A Family Proclamation book is a wonderful way to take advantage of these Internet books. If you would like to see our book made by me and Alison, it can be found in the Digital Scrapbook section under "Scrapbooking Your Faith." I located the pictures, and Alison designed the pages. It was her first time making a project on Photoshop, but she did a very professional job. If you’re not up to this kind of work, professional graphic artist Jill Means has created a set of beautiful templates that you can use to drag & drop your pictures into pre-made spaces. She was selling them for $10 each, but has given me permission to distribute them free of charge. Just bring a jump drive to my house and I’ll copy them over for you. It should be noted that you will need Photoshop Elements to use these templates.
Almost everyone can take video these days. We used to need an expensive video camera. Now we have inexpensive video cameras, Flip video, iPads and phones, and digital point-and-shoot cameras that all take pretty good video. The question is, are you taking video to record your family history? If you do, are you making it available to those who would enjoy seeing it?

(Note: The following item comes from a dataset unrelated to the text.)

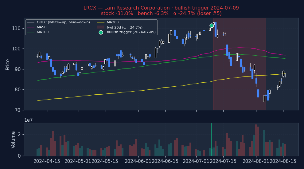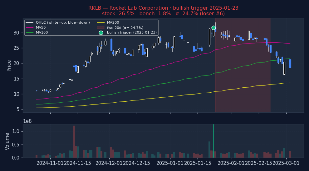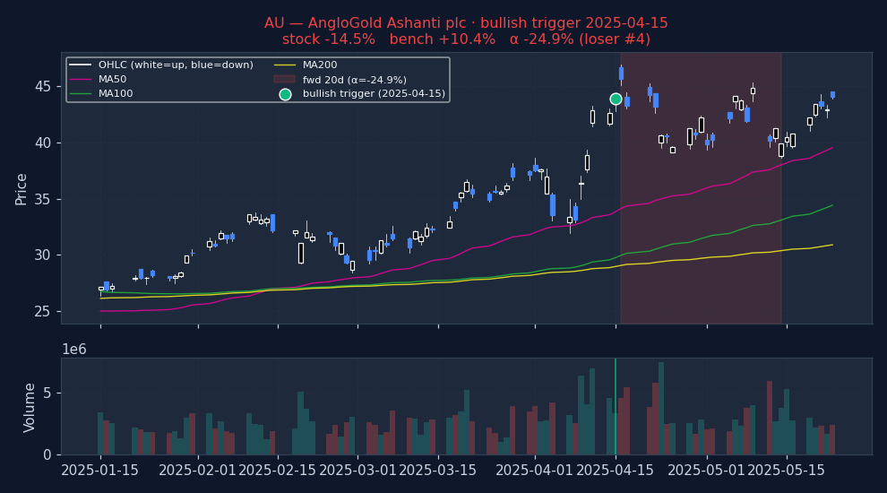 How to read. Entry at open of T+1 (one trading day after the signal fires on close of T). 20d = open T+1 to close T+20. Alpha = stock return − benchmark return over the same window (Convention A, single-sided, textbook). For bullish triggers, POSITIVE alpha = signal was right. For bearish triggers, NEGATIVE alpha = signal was right (stock underperformed market). No sign-flipping; the direction of the bet determines what "good" looks like. Per-stock regime is each stock's own ADX(14) and RV(20) at the trigger date — not market-wide state.

You don’t have to have professional skills anymore to make videos. There are many programs available that practically make it for you. If you have a MAC, iMovie is great. For $30 a year you can make videos on Animoto or Windows Movie Maker. See post “Video Software” on right for a sample ofa MHH video I made on Animoto. Just choose a theme and music (or upload your own) and upload the pictures you want to be in the video. Add some titles if you want, push the button, and presto you will have a video. If you don’t like it, you can do it again. Without any program at all, you can take a clip directly from Picasa to YouTube and share it with the world.
Please don’t put off taking a formal video of your parents if they’re still alive. You’ll be sorry if you don’t. What is their story? Have one of your kids do it for you. Be sure to bear your testimony at the end. Do it for your married kids—nobody said you have to be old and slipping on the banana peel before you record your experiences, thoughts, and feelings. A sample from our interview with my husband’s parents is in the video section under “Don’t Procrastinate Oral Interviews.”
Under “Video from Soundless Film” you will find my dad waterskiing, and a short clip of my mom when she was a nanny in New York City.